Edit: Checking out the newish math module, I see that the log function behaves just as I said above it should. So I didn't really need to argue for that.

krader1961 commented 4 years ago

@hanche Yes, my comment about log functions was more about what is the appropriate output for invalid input. In this case the invalid input is a missing or empty sequence. What does it mean to compute the minimum of an empty sequence? I did some googling and while there is disagreement the general consensus appears to be your position for +/-Inf. For example, https://www.econjobrumors.com/topic/what-is-the-maximum-of-the-empty-set. So that's what I've implemented. Plus it was simpler to implement than the NaN solution :smile:

hanche commented 4 years ago

@krader1961 Yeah, I did not want to go down the rabbit hole of sup-vs-max / inf-vs-min. The math fundamentalists (of which I admit to being one) are right that using infinities is right for sup and inf, but not, strictly speaking, for max and min, which in the world of mathematics requires the max or min value to be actually achieved within the set. But the world of programming is slightly different, and so different rationales apply. Still, one should strive for a level of mathematical consistency, even if the conventions are a bit different.

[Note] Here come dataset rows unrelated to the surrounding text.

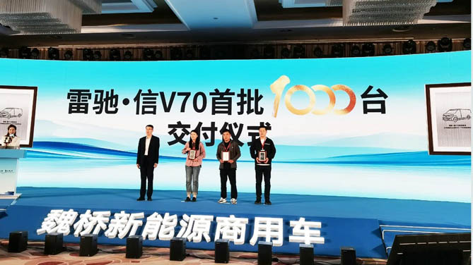5月11日,魏桥新能源商用车在临沂发布战略、品牌,并举行雷驰·信V70量产交付仪式。凭借魏桥创业集团铝业巨头的产业链优势,将儒家文化与科技完美结合,其产品品牌包括“仁、义、礼、智、信”。雷驰·信以“信”作为安身立命的根本要义。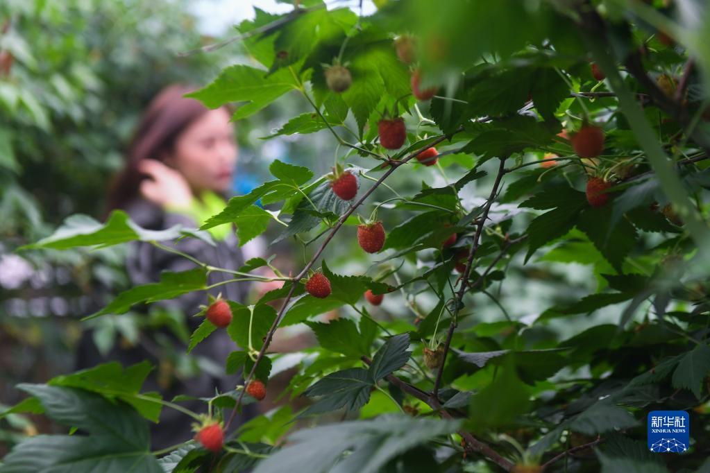 5月13日,游客在临岐镇临岐村覆盆子采摘园的大棚内采摘成熟的覆盆子红果。采摘园的覆盆子主要供游客采摘,发展乡村旅游。新华社记者 徐昱 摄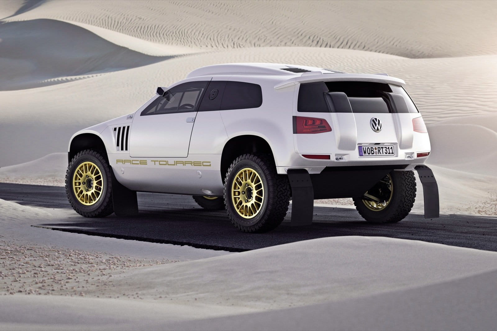 El motor sigue siendo el 2.5 TDI de 310 CV empleado en el Volkswagen Race Touareg 3 empleado este mismo año en el Rally Dakar. Tampoco faltan ciertas concesiones al lujo para satisfacer a los más adinerados del emirato árabe con detalles dorados e incluso unas llantas doradas de 18” firmadas por BBS en sustitución de las de 16” del modelo de competición. La carrocería está pintada en color Magic Morning, que no es más que un blanco brillante con ciertos matices dorados.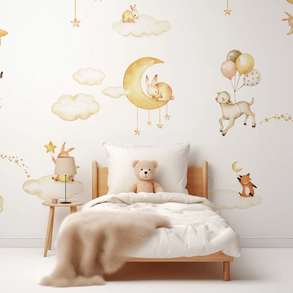 Transforme o quarto do seu bebê em um refúgio tranquilo com o Papel de Parede Céu Dourado com Animais Noturnos. Este design encantador apresenta adoráveis animais aquarelados, como raposas, coelhinhos e cordeirinhos, repousando sobre nuvens fofas, rodeados por estrelas e luas douradas. As cores suaves e a estética minimalista criam uma atmosfera relaxante, perfeita para embalar os sonhos do seu pequeno.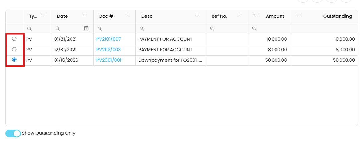 In the top table, which lists Pay Bills (advance payments) and Supplier Credit Notes, select the transaction you want to apply.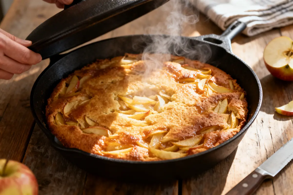 Chaque ingrédient renforce la texture. La pomme apporte du moelleux. Le lait en poudre ou le yaourt soutient la structure. L’huile garde le gâteau souple même froid. La cuisson lente et couverte imite l’environnement d’un four. C’est ce qui rend cette recette fiable et accessible.

xiaq commented 4 years ago

I prefer math:min and math:max to throw an error when given no arguments. Elvish may get a Scheme-like numerical tower in future, and in such a system max and min should require at least one argument (Racket's max for example), which is is a consequence of two things:

Since max and min work for both inexact and exact numbers, it should not return -Inf or +Inf when given no arguments.

If Elvish ends up not getting a Scheme-like numerical tower, it's a backward-compatible change to start allowing empty sequence and return -Inf or +Inf.

xiaq commented 4 years ago

Since most useful math functions have been poured into the math: module, I arbitrarily declare that this issue should be closed when the discussion of min and max is resolved.

hanche commented 4 years ago

Those who so wish, can easily override the builtin functions to produce infinities on empty inputs, so I am not going to insist. At a later point we could, of course, provide “exact” infinities, but that is likely not worth the bother. (Especially since the prime (pun not intended, but appreciated) use of bignums is in cryptography, which has no use for infinities that I am aware of.)